Speaking of stash....ahem. We worked on the hell hole, uh "garage", this weekend. Boxes and boxes, many having been opened and rummaged through...then not closed...crowded half the garage. One by one, Jodie dragged them over to me and I went through...tossing, putting into a pile for Goodwill, or repacking. Ever organized...she had everything put in sections...kids toys, books, bellydance stuff, craft stuff, and yarn. She was flabbergasted at the amount of yarn and craft stuff I have accumulated...hate to tell ya...but we haven't got to all of it yet, especially yarn. Probably another 1/3 of it is still waiting to be discovered. It was sort of like Christmas for me...."oh HERE that is! I was wondering what I did with that...." Having it all in one spot...gee, what a concept. Not having to wander from stash spot to stash spot all over the house, rummaging through boxes? Huh. That's an idea.
I am committed (or is that I should be committed??) to knitting out of stash for a while.... a looooong while. Trying to get my finances in order is time consuming...and means no new yarn, period. Not going to the yarn shop, not looking on the internet at yarn, and especially not even peeking at Ebay. No new books...that one hurts, let me tell you. I did get the new Vogue Knitting mag...and considered it a huge treat.
Have to get the Baby Surprise Jacket sewn up, the shower is this weekend. I hate the sewing up/weaving in ends part. Once I am done knitting on it...I'm done. Need to get my Sofie felted, time ran out this weekend. Longing for the days of taking a half day and going home to knit....but I guess I am paying for all the days I did that when I couldn't afford it....

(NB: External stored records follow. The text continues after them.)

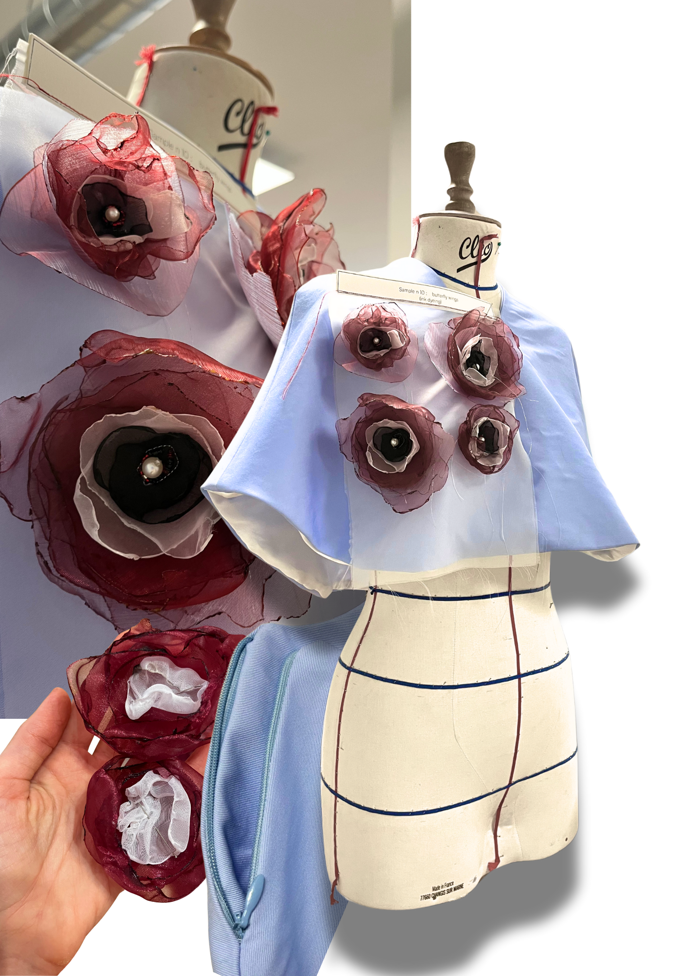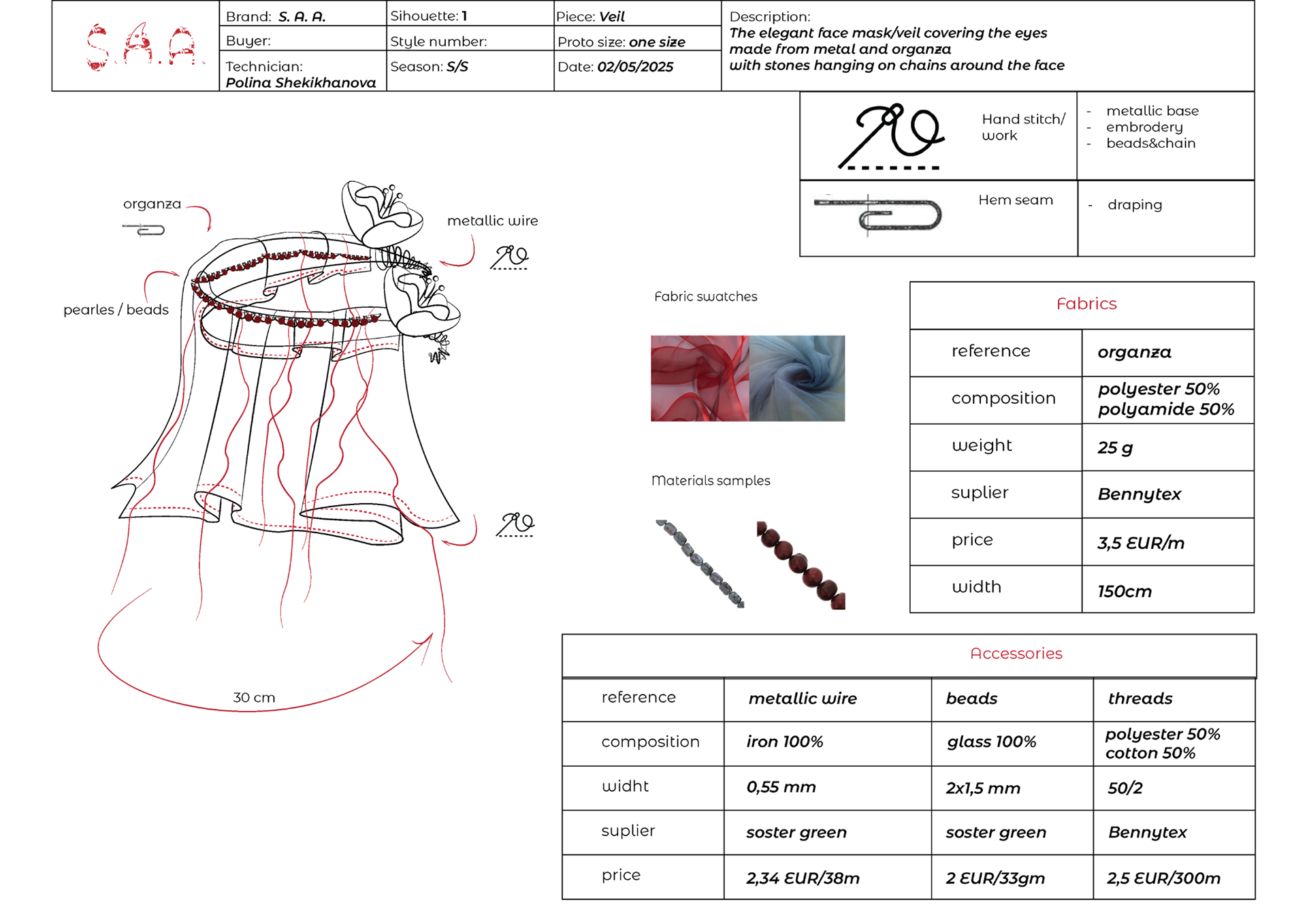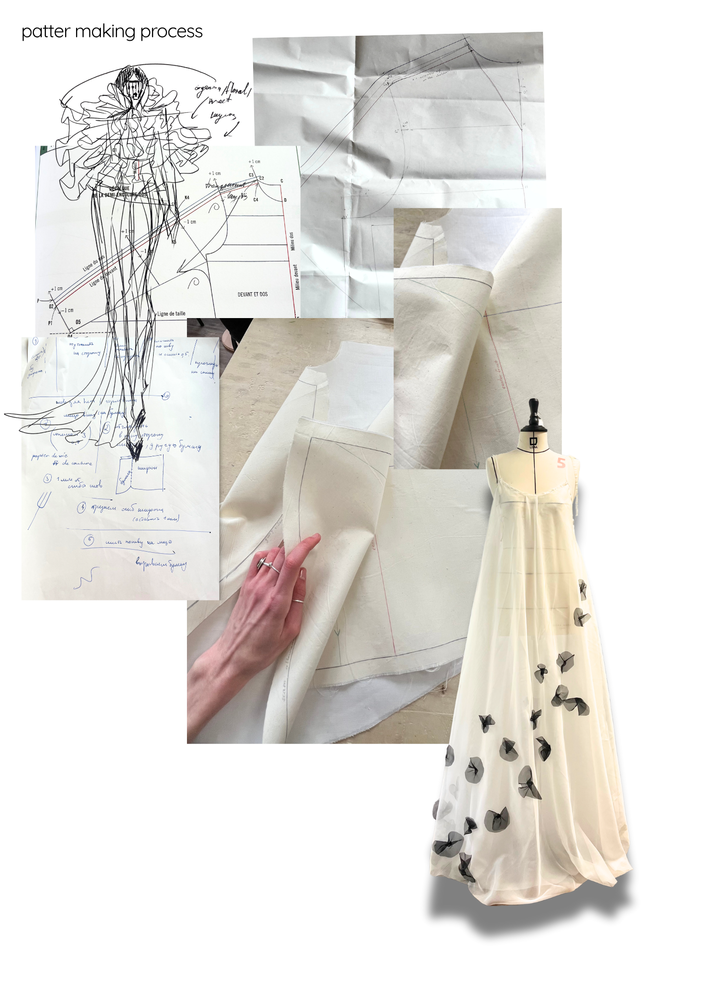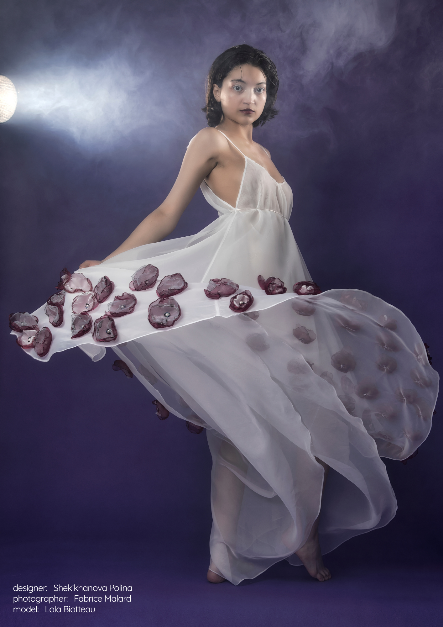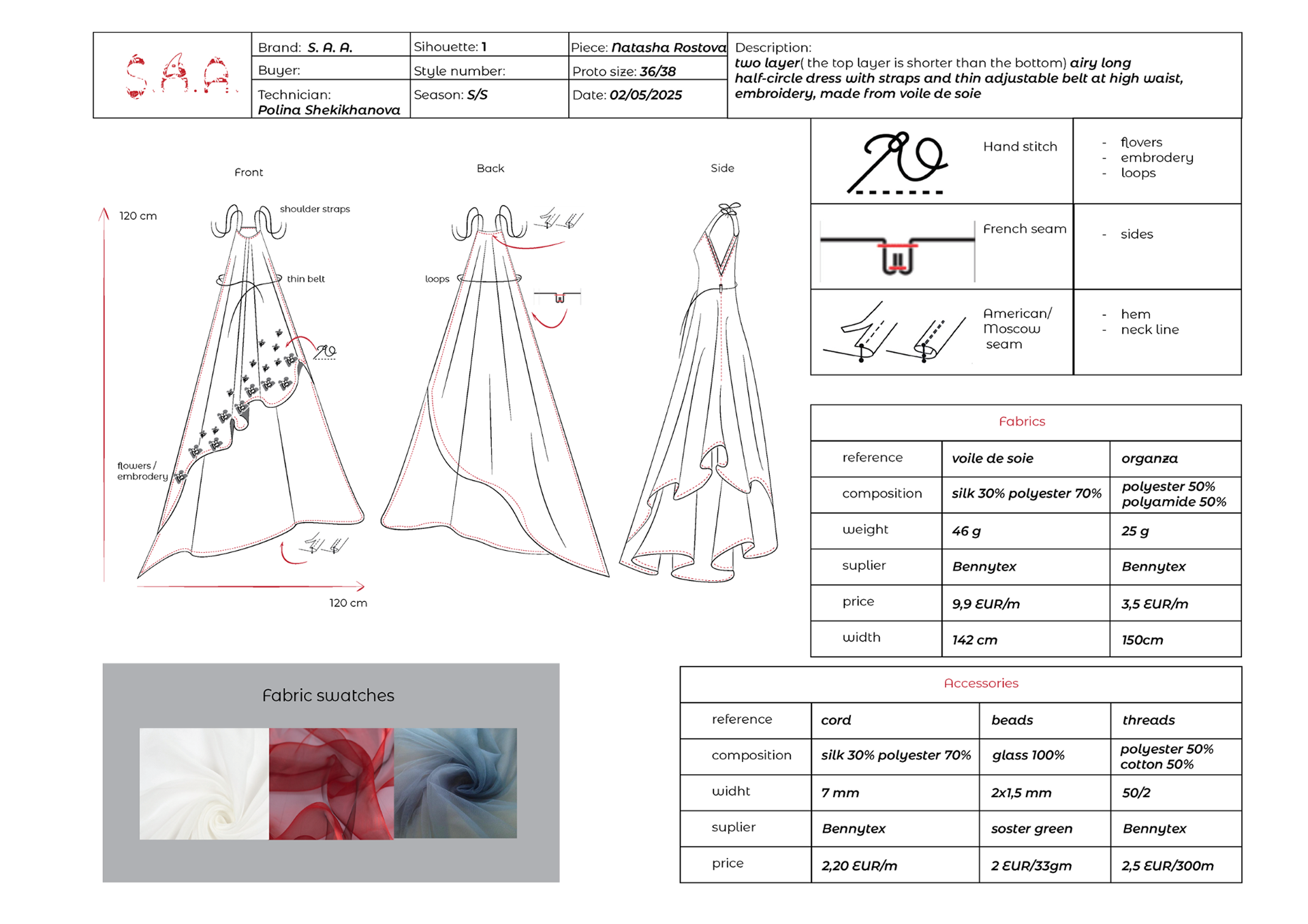 A visual exploration of nostalgia, memory, and emotional connection This look features a layered transparent dress paired with a sculptural cape and accessories — forming a poetic dialogue between lightness and structure The project evolved into a complete collection of garments and accessories united by one idea: the meaning of “sentimental” expressed through feelings of remembrance, spiritual and family ties Inspired by the vibrant symbolism of Mexican culture — particularly El Día de los Muertos — and the universal language of color, form, and nature, the collection reinterprets traditional motifs through a modern lens Airy silhouettes, delicate layering, and tactile fabrics like organza, poplin, and satin capture the ephemeral beauty of memory — where the past meets the present in movement and emotion
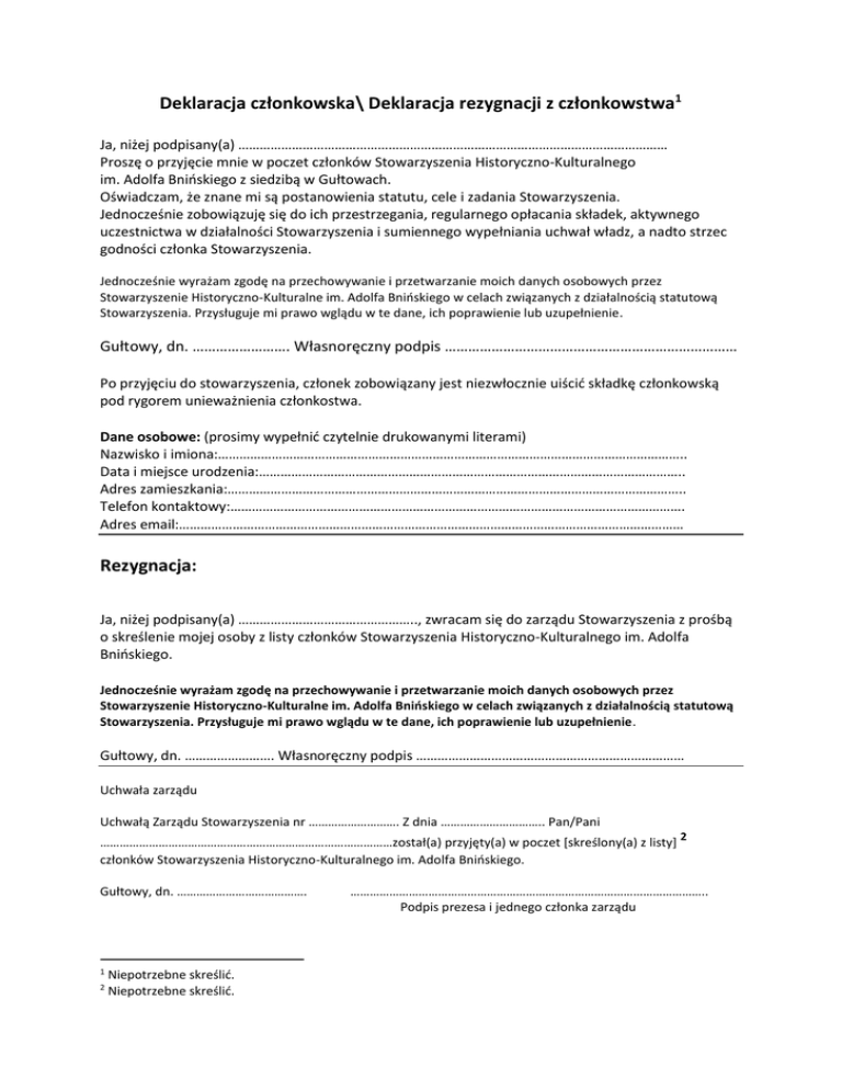 Deklaracja członkowska\ Deklaracja rezygnacji z członkowstwa1 Ja, niżej podpisany(a) ………………………………………………………………………………………………………… Proszę o przyjęcie mnie w poczet członków Stowarzyszenia Historyczno-Kulturalnego im. Adolfa Bnińskiego z siedzibą w Gułtowach. Oświadczam, że znane mi są postanowienia statutu, cele i zadania Stowarzyszenia. Jednocześnie zobowiązuję się do ich przestrzegania, regularnego opłacania składek, aktywnego uczestnictwa w działalności Stowarzyszenia i sumiennego wypełniania uchwał władz, a nadto strzec godności członka Stowarzyszenia. Jednocześnie wyrażam zgodę na przechowywanie i przetwarzanie moich danych osobowych przez Stowarzyszenie Historyczno-Kulturalne im. Adolfa Bnińskiego w celach związanych z działalnością statutową Stowarzyszenia. Przysługuje mi prawo wglądu w te dane, ich poprawienie lub uzupełnienie. Gułtowy, dn. ……………………. Własnoręczny podpis ………………………………………………………………… Po przyjęciu do stowarzyszenia, członek zobowiązany jest niezwłocznie uiścić składkę członkowską pod rygorem unieważnienia członkostwa. Dane osobowe: (prosimy wypełnić czytelnie drukowanymi literami) Nazwisko i imiona:………………………………………………………………………………………………………………….. Data i miejsce urodzenia:……………………………………………………………………………………………………….. Adres zamieszkania:……………………………………………………………………………………………………………….. Telefon kontaktowy:………………………………………………………………………………………………………………. Adres email:…………………………………………………………………………………………………………………………… Rezygnacja: Ja, niżej podpisany(a) ………………………………………….., zwracam się do zarządu Stowarzyszenia z prośbą o skreślenie mojej osoby z listy członków Stowarzyszenia Historyczno-Kulturalnego im. Adolfa Bnińskiego. Jednocześnie wyrażam zgodę na przechowywanie i przetwarzanie moich danych osobowych przez Stowarzyszenie Historyczno-Kulturalne im. Adolfa Bnińskiego w celach związanych z działalnością statutową Stowarzyszenia. Przysługuje mi prawo wglądu w te dane, ich poprawienie lub uzupełnienie. Gułtowy, dn. ……………………. Własnoręczny podpis ………………………………………………………………… Uchwała zarządu Uchwałą Zarządu Stowarzyszenia nr ………………………. Z dnia ………………………….. Pan/Pani ………………………………………………………………………………został(a) przyjęty(a) w poczet [skreślony(a) z listy] członków Stowarzyszenia Historyczno-Kulturalnego im. Adolfa Bnińskiego. Gułtowy, dn. …………………………………. 1 2 Niepotrzebne skreślić. Niepotrzebne skreślić. 2 ……………………………………………………………………………………………….. Podpis prezesa i jednego członka zarządu
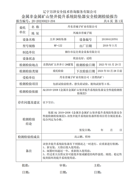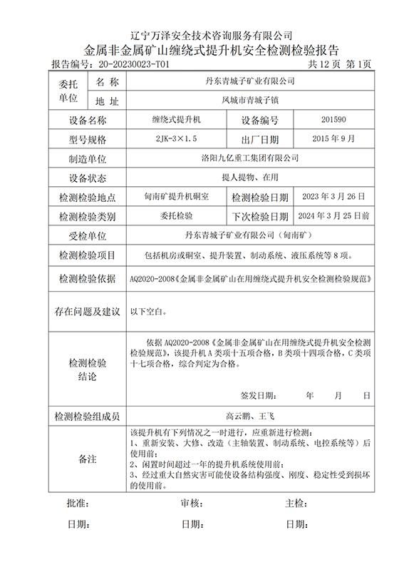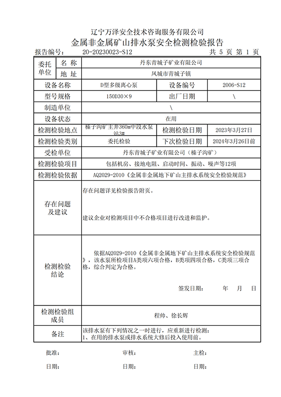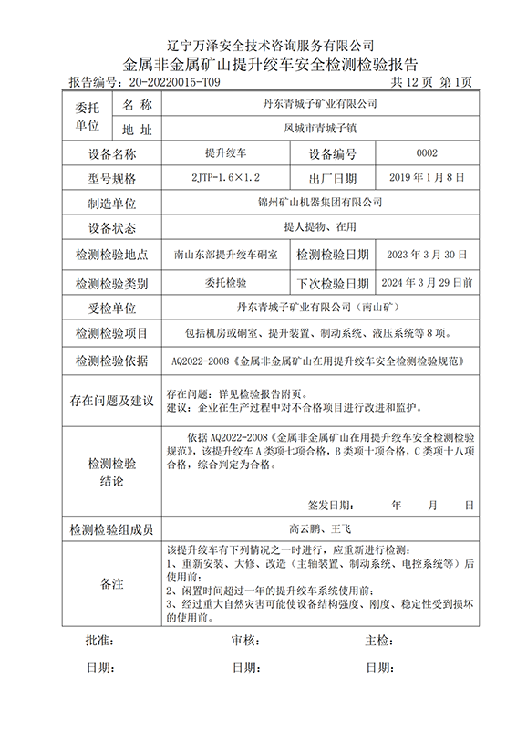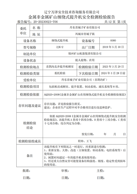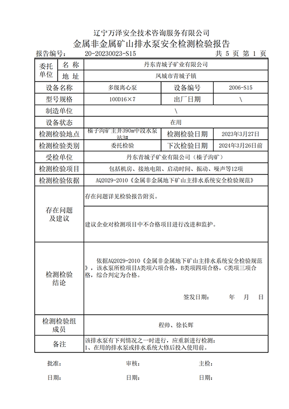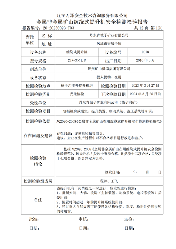 | 受检单位 | 丹东青城子矿业有限公司 | |
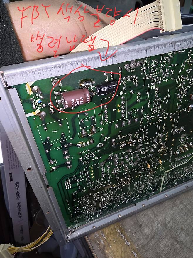 FBT 에 가까운 가장 큰 콘덴서 전해질 소실 되는 현상에
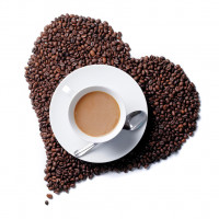 The image shows a cup of coffee with cream, placed on a saucer next to a heart-shaped arrangement of whole coffee beans. The background is plain and white, highlighting the objects in focus.
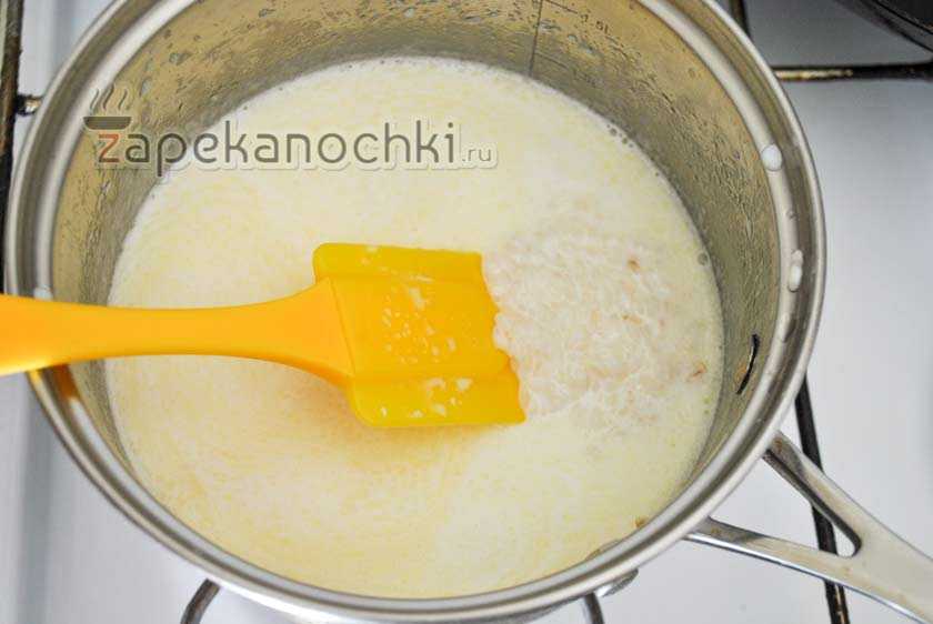 - Потомить рис с молоком на слабом огне 7 – 10 минут.

This is the last week the Boys and Girls Club is open. It is closed the last two weeks of summer....you know...when the two youngest are at the height of their boredom threshold and completely sick of each other. Yay. Color me excited.
Thursday, August 11, 2005
I had cast on...and knit the five rows of garter. I felt a little clumsy, but put it off to knitting quickly in a few stolen moments before work. At break time....I realized I have no hope of knitting with this yarn on Denise's. The tips are too blunt...too round. About drove me insane trying to get through two rows of the lace pattern. At lunch time, I dug around for a set of bamboo in the needed size. Could I find the right size? Of course not. I used a good portion of my lunch making myself crazy looking too. Finally, in desperation that I would have no knitting at my afternoon break if I didn't do something - horrors!- I grabbed more Lion Brand Cotton, correct size needles and decided another dishcloth would be preferable to nothing. Cast on for this dishcloth pattern, Lacy Mock Cable....and I am enjoying it very much.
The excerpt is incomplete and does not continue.